- RECORDS PROVIDED:

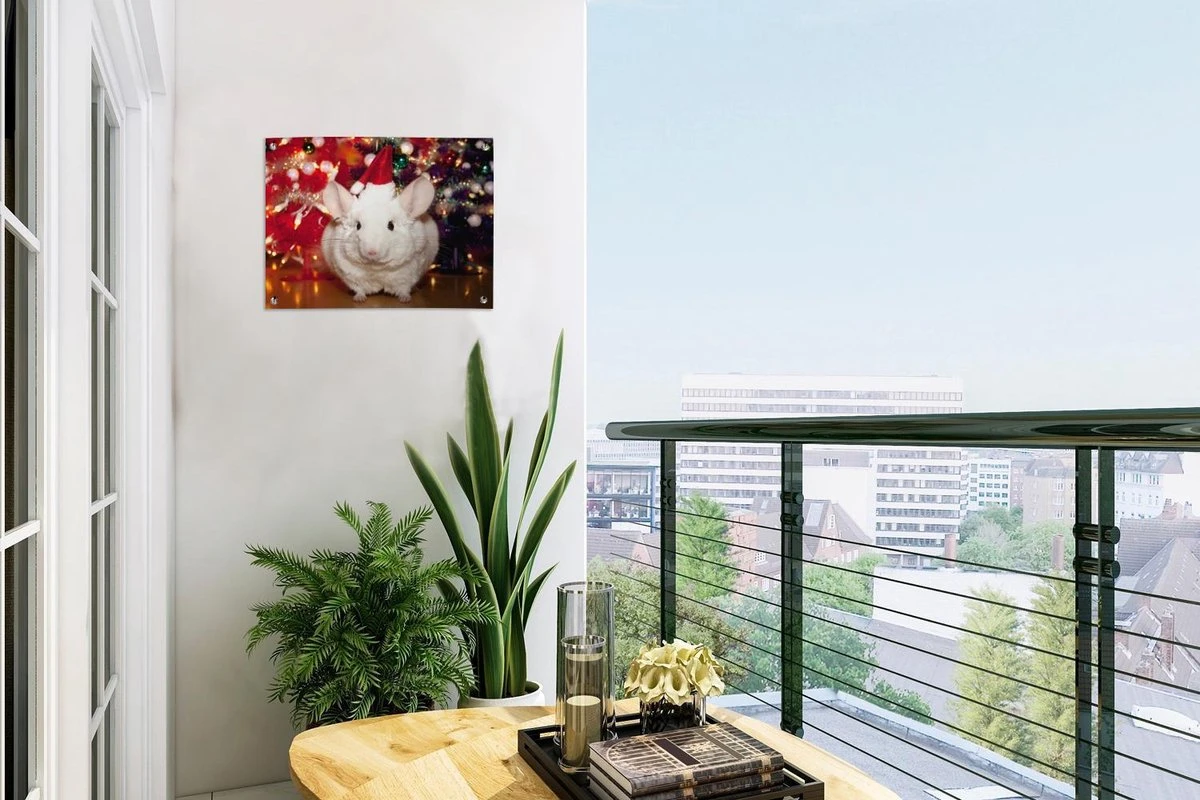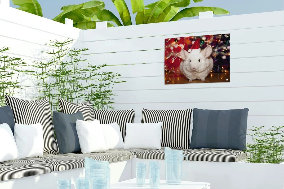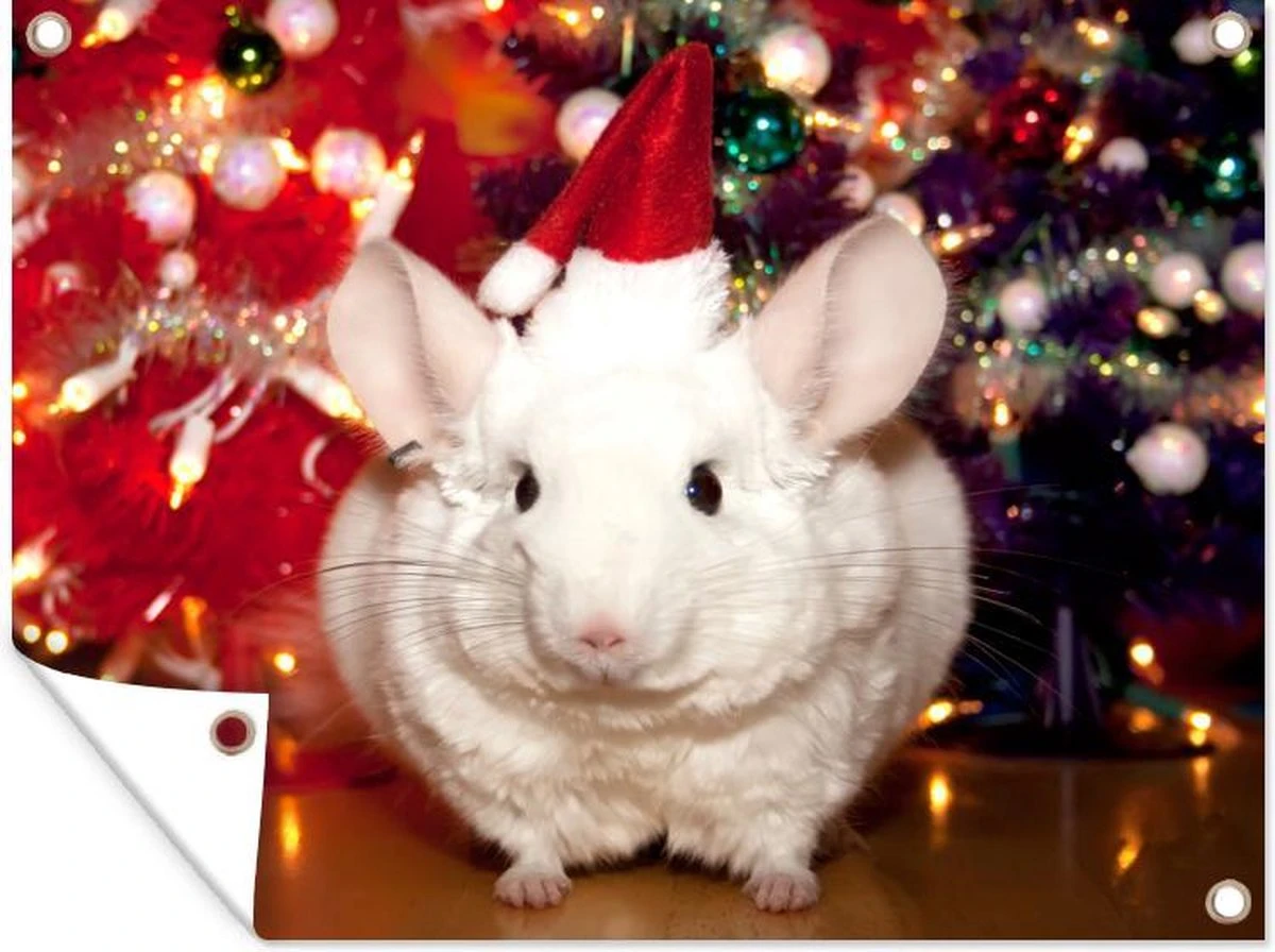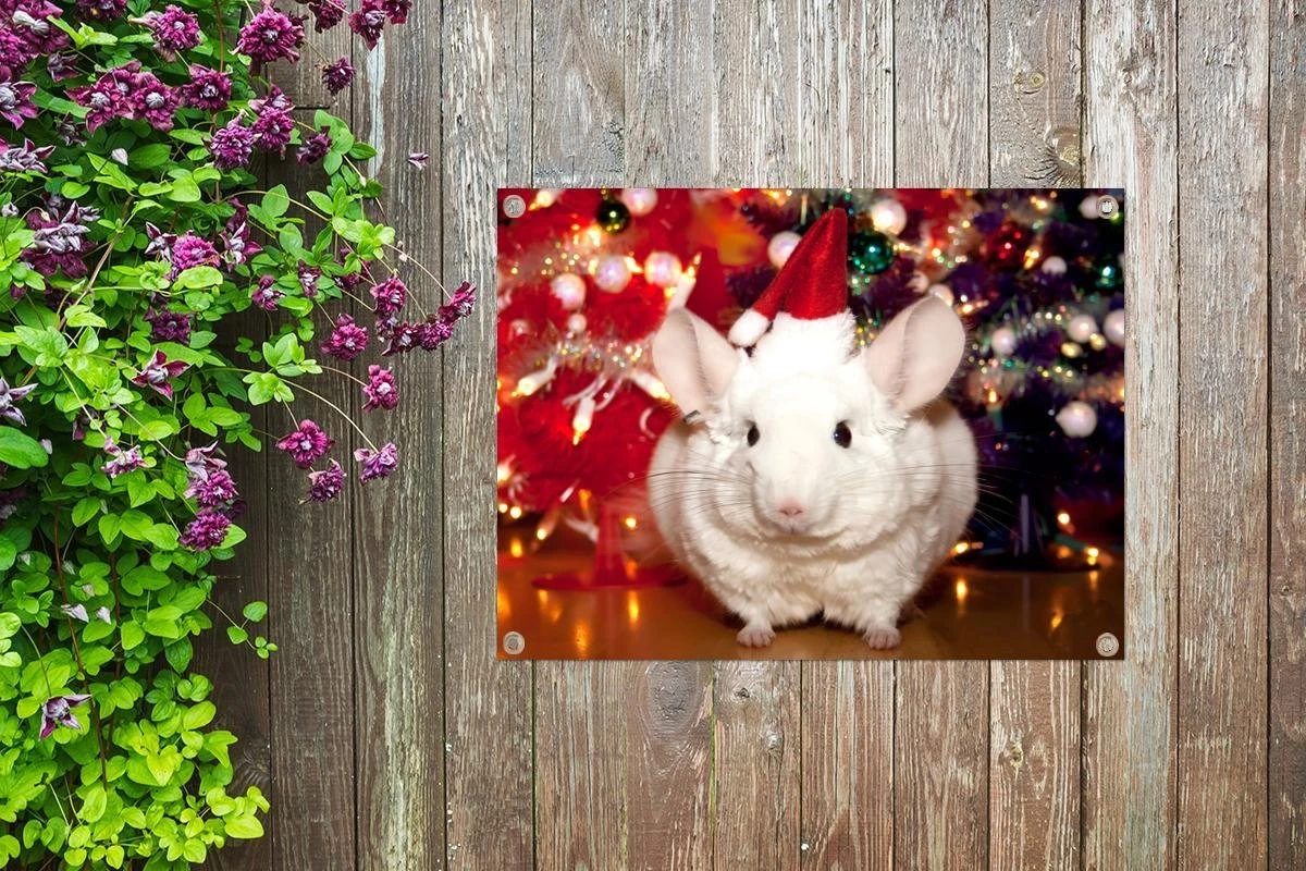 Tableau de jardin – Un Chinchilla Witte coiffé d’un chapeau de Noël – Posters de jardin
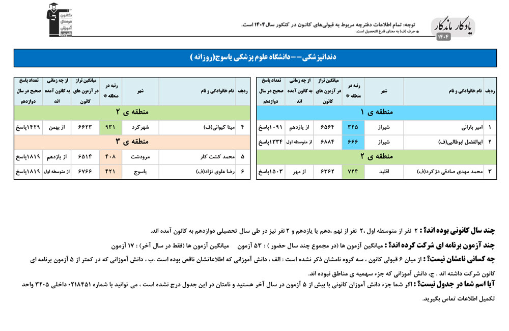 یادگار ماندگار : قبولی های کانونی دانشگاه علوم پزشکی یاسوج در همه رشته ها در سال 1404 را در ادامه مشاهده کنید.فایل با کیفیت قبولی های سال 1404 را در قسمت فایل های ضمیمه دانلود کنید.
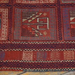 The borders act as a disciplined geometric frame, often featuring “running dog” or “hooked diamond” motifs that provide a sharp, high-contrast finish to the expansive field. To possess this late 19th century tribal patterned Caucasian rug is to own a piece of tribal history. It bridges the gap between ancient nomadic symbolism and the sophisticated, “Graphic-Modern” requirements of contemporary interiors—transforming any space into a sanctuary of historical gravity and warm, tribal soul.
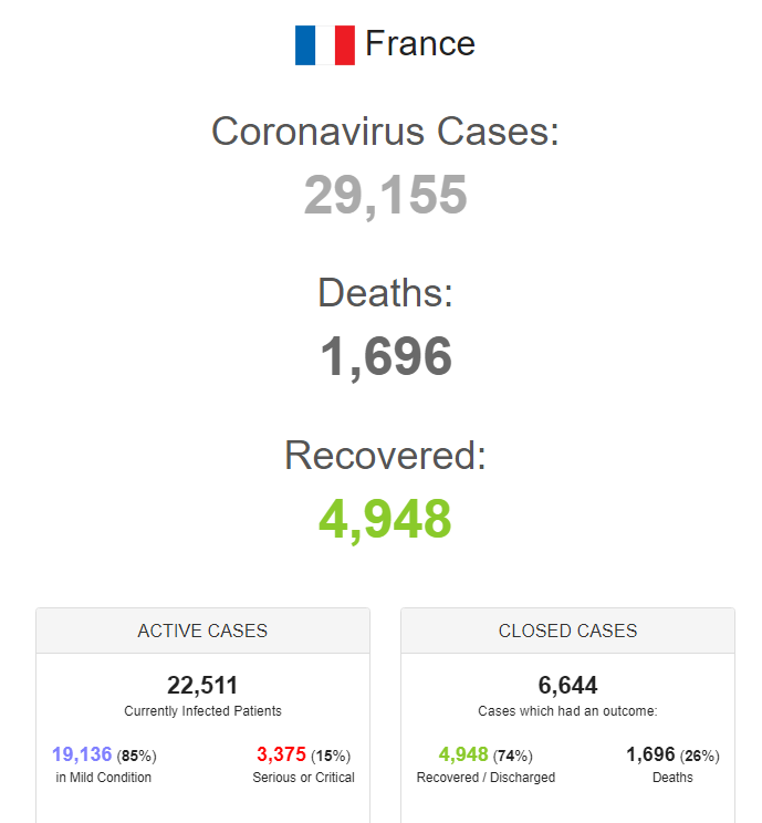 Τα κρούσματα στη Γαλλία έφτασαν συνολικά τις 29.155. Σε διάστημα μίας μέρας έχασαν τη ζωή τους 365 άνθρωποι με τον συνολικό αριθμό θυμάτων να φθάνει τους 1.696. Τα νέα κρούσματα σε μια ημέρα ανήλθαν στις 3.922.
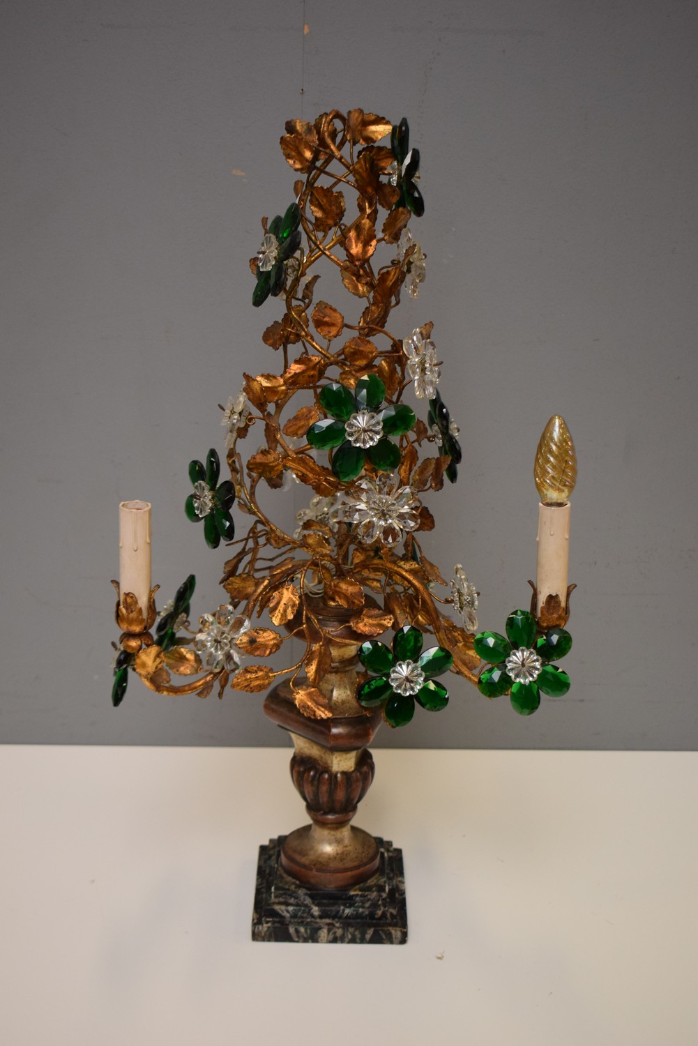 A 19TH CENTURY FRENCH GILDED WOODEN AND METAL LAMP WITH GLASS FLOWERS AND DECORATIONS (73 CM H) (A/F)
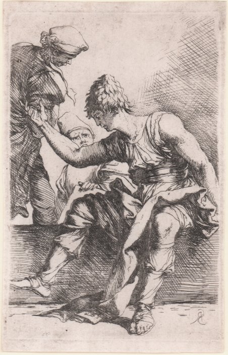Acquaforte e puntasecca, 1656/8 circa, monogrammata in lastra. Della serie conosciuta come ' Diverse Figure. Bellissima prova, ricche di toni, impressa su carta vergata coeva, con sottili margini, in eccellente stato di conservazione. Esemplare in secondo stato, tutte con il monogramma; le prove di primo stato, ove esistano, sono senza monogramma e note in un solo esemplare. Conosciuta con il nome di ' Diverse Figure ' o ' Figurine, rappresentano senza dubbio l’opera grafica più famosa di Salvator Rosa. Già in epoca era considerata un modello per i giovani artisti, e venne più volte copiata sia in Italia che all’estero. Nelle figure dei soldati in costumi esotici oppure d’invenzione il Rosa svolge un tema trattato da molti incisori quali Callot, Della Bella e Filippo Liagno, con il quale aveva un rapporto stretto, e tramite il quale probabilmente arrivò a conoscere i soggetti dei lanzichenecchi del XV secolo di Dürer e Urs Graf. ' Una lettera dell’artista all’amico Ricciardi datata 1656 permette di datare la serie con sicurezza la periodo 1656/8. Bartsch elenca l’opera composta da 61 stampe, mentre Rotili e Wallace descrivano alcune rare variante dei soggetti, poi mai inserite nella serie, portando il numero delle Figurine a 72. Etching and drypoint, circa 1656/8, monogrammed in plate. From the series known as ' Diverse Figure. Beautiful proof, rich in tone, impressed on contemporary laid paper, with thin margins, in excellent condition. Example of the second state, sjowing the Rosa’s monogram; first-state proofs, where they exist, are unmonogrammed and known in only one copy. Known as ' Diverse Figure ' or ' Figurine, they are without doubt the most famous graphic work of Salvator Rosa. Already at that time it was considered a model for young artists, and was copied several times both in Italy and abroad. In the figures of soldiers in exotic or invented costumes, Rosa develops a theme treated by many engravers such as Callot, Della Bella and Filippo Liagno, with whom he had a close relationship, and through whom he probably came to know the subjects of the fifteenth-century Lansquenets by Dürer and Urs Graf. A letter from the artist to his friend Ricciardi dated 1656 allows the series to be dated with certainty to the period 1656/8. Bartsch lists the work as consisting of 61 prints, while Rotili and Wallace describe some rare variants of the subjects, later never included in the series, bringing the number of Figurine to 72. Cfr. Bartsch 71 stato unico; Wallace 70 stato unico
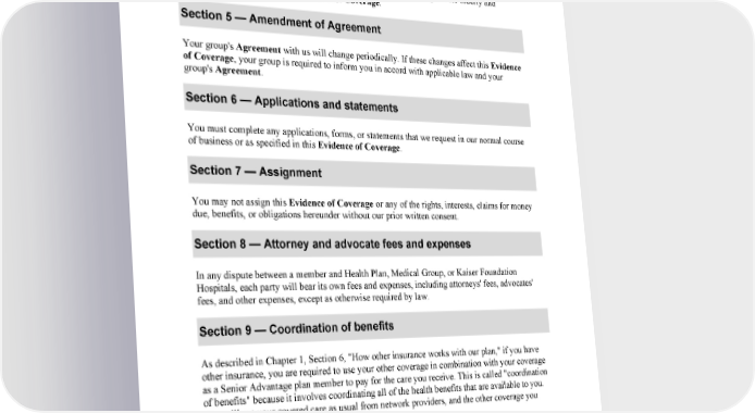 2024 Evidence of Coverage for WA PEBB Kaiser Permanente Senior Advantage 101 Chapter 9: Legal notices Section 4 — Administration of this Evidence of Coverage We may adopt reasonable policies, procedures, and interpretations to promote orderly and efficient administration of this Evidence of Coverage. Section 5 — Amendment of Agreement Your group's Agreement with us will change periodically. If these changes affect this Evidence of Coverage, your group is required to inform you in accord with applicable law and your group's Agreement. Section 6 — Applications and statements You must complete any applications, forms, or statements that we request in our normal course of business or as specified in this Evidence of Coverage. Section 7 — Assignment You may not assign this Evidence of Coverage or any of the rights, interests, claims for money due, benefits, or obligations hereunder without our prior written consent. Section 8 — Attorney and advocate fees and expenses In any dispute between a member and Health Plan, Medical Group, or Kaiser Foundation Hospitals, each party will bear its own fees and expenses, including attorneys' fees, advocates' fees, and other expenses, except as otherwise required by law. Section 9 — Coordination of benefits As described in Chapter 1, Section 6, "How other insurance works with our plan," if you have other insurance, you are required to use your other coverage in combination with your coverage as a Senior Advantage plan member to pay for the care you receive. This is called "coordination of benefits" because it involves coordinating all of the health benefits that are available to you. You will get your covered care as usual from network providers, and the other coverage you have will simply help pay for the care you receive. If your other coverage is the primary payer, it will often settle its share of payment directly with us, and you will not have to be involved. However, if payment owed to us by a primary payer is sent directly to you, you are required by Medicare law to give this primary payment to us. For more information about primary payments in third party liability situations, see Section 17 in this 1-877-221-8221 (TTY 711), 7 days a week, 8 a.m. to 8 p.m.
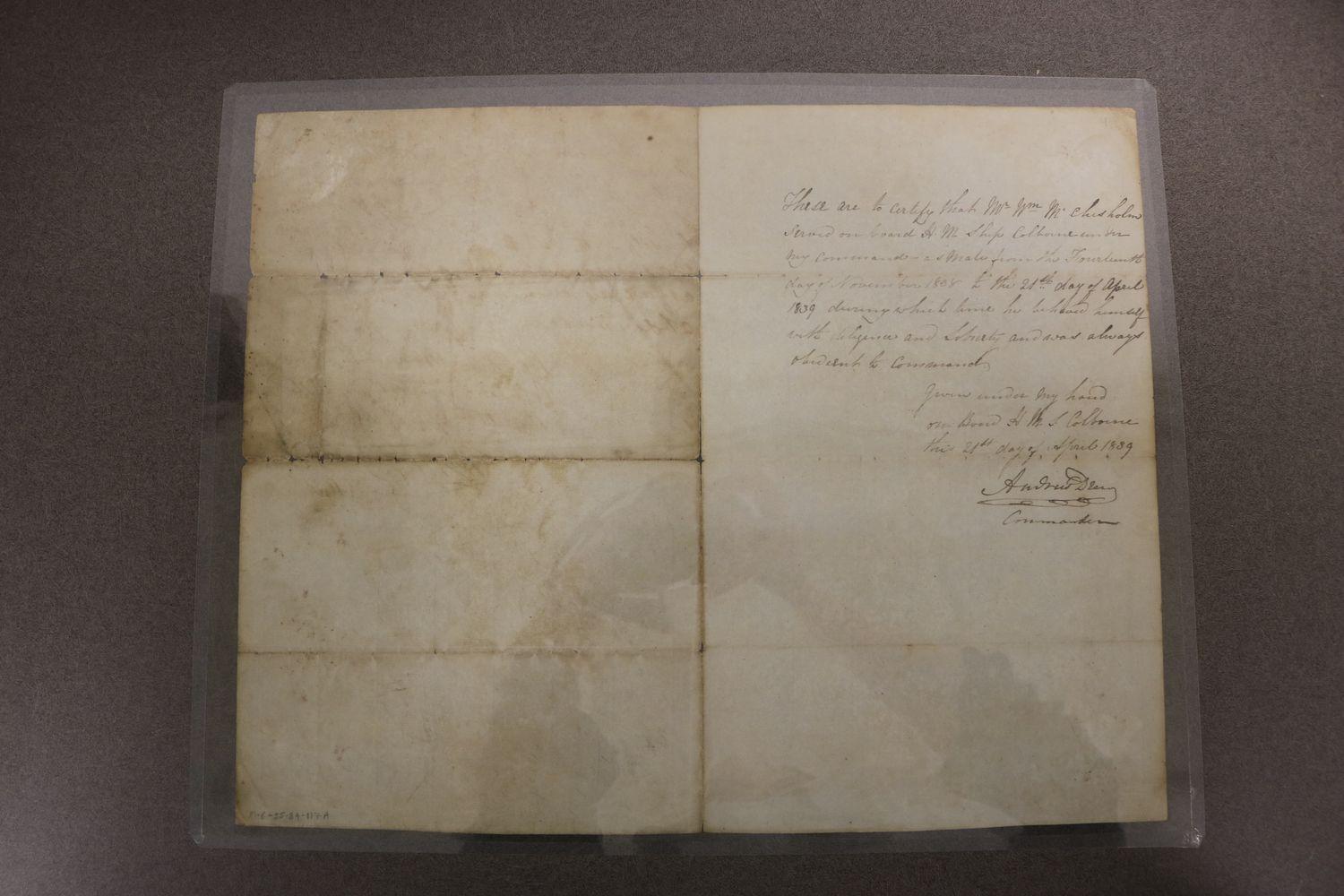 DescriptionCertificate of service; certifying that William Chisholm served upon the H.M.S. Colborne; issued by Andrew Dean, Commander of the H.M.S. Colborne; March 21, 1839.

- ABOUT THIS EXERCISE:
Go from the first line of the listing to the line holding "یادگار ماندگار : قبولی" and, please, transcribe those lines exactly, both included, with no pictures.

- SOLUTION TO THE PROBLEM:
 Tableau de jardin – Un Chinchilla Witte coiffé d’un chapeau de Noël – Posters de jardin
 یادگار ماندگار : قبولی های کانونی دانشگاه علوم پزشکی یاسوج در همه رشته ها در سال 1404 را در ادامه مشاهده کنید.فایل با کیفیت قبولی های سال 1404 را در قسمت فایل های ضمیمه دانلود کنید.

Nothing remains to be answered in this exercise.